Once the 1st Psychiatrist provides their approval, the person then seeks a 2nd Psychiatrist who then listens and if they feel the person is suitable, will eventually give their approval. This approval is not permitted to be given until around 3 months prior to surgery date.
The patient is also required to obtain laser hair removal on the affected genital areas, this is to prevent hairs growing inside the Neo Vagina. These treatments vary in cost and are not rebatable from Medicare.
The payments for the Surgeon are made at least 14 days prior to surgery, and also the excess amount for the hospital is paid by then, usually $500.
Some people travel from interstate and book in to suitable accommodation, sometimes partners and/or friends travel too, as they will be needed after discharge.
Surgery Day: Arrive at 6am to complete final paperwork, then escorted to your room and change. Once Pre-med has been given, patient goes to surgery.
After surgery, it’s 3 days bed rest, then twice daily salt baths, and shown how to dilate, this must be done several times per day and is for the rest of the patient’s life, this is to prevent the Neo Vagina from closing up.

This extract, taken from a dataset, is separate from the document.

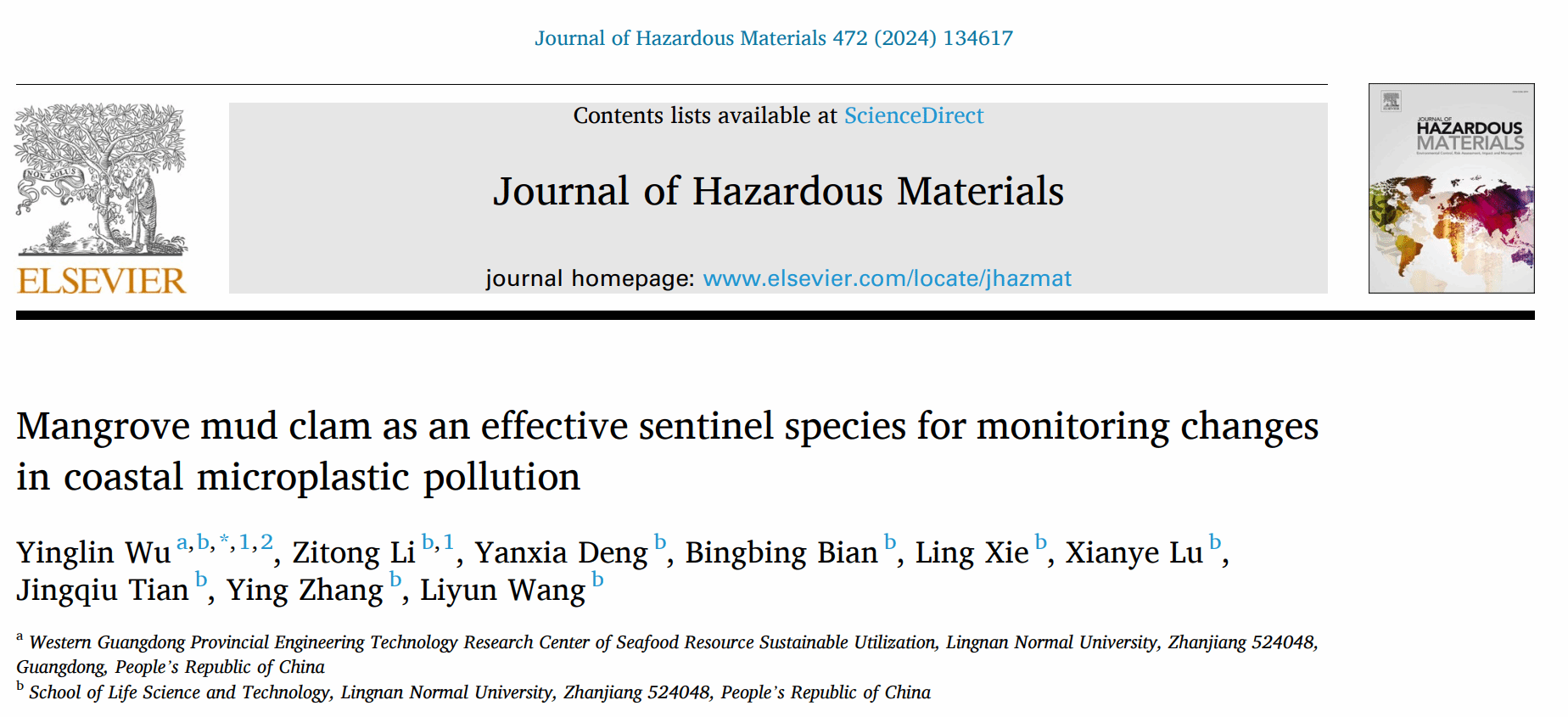 红树林处于陆海交界处,是最具特色的湿地生态系统,它的健康情况也越来越受到关注。近年来关于红树林生态系统的研究成为热点,生命科学与技术学院吴应林博士等教师多年来一直致力于红树林科学研究。吴应林主要从事海岸带环境污染及公众感知研究,已发表相关高水平SCI学术论文10篇。近日,吴应林指导海洋资源开发技术专业的本科生李梓彤、邓演霞、卞冰冰等在国际环境科学与生态学顶级刊物Journal of Hazardous Materials(中科院大类一区)上发表了题为“Mangrove mud clam as an effective sentinel species for monitoring changes in coastal microplastic pollution”的论文。该研究以红树林生态系统中特色物种为研究对象,系统分析该物种中微塑料的富集特征及其与人类活动的关系,评估了人类食用红树林贝类带来的健康风险。论文首次建议利用红树蚬为哨兵物种,以监测全球海岸带微塑料污染的变化,为红树林生态系统的健康评价提供了科学参考。
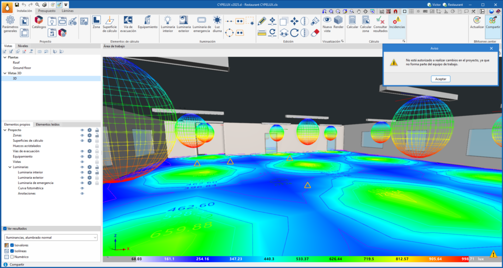 A partir de la versión 2025.d, cuando se pulsa el botón "Compartir" de las aplicaciones (antes de comenzar la generación de los ficheros de la aportación) se comprueba que el usuario forma parte del equipo de trabajo del proyecto de BIMserver.center. En caso de que el usuario no tenga los permisos adecuados, se muestra un mensaje de advertencia. De esta forma, se evita la generación de archivos innecesarios cuando el usuario no tiene derechos de edición.

Discharge: as early as 6 days after surgery, with the patient remaining in the city of surgery for another 4-6 weeks, this is in case of any complications, but also to see the surgeon. Interstate residents would be looking at another $3-5,000+.
1 of my goals, funded from eBook sales, is to establish a recovery centre to reduce these costs.
Time off work is around 2-4 months, but it depends on the patient and their employment.
If anyone reading this, ends up with a child who is Gay, Lesbian, Transgender or any other form, please listen to them and their needs, because I wish that I could have been brave enough to tell my father. Honestly, I’m surprised that I’ve lasted this long.
Children know at a young age what gender they are, but most people assume, instead of asking questions.
I fully support children transitioning, as the younger a person starts, the less likely hood of developing characteristics of their assigned birth gender. Just look at Georgie Stone, (Mackenzie on Neighbours.)
I would also advise they have some sperm or eggs frozen, just in case for the future.
These are my favourite sayings: “Never Assume Anything, Always Ask Questions To Clarify, Because Ignorance Is No Excuse For Stupidity.” “People Lie To Manipulate Others For Their Own Selfish, Jealous Ulterior Motives.” “Education Is Key To Knowledge.” “Everyone Can Learn From Others, If They Are Willing To Listen.”
As a Transgender female, it appals me when so many people use derogatory names. Please have respect.
Thank You for allowing me to tell my story, I hope I have educated you all.